Running is one of the most popular sports worldwide, with running events attracting hundreds of thousands of runners of all age groups. Running is an effective way to improve health but is also associated with a high risk of injuries. Up to 50% of regular runners report having more than one injury each year. Some injuries are caused by an accident but most are caused by overuse. The most frequent diagnoses are patellofemoral pain syndrome, tibial stress syndrome (shin splint), Achilles tendinopathy, iliotibial band friction syndrome (runner's knee), plantar fasciitis and stress fractures of the metatarsals and tibia. The knee is the most frequently injured joint in runners at all distances. Hamstring injuries are typically acute resulting in a sudden, sharp pain in the posterior thigh. Hip injuries are less common but it can be more difficult to make the correct diagnosis and treatment is more complex. Clinicians confronted by runners with shin pain must distinguish between stress fractures of the tibia, tibial stress syndrome (shin splints) and chronic exertional compartment syndrome.
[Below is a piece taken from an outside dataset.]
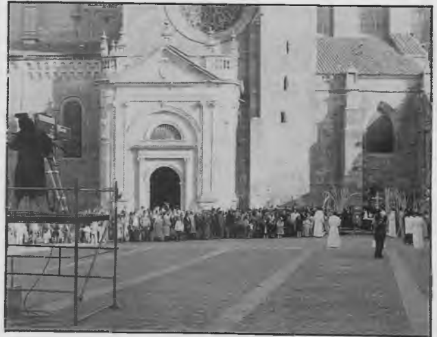
Antes de la Eucaristía, la Bendición de Ramos y Palmas en la Plaza Mayor

En aquella vispera nació la idea —luego una realidad— de que la Bendición y Procesión de Ramos sería no en el Claustro —idea primitiva—, sino desde el rincón de la Plaza Mayor que hace esquina con la casa de los canónigos, recorriendo la Plaza mendocina y penetrando en la Catedral por la puerta del Mercado. Aquel día se empezó a medir y tasar el milagro tecnológico de la televisión.

Foot and ankle injuries are the most common injuries reported by long distance and marathon runners. Excess body weight and the number of kilometers run per week are high risk factors for injuries. The roles of other factors, such as shoes, stretching and biomechanics are less clear. A detailed anamnesis and physical examination are important for the correct diagnosis or the necessity for further diagnostic imaging and subsequent therapy.

KEYWORDS:

Compartment syndrome; Injuries; Nail injuries; Risk factors; Running

PMID:
28236094
DOI:
10.1007/s00393-017-0276-6
[Indexed for MEDLINE]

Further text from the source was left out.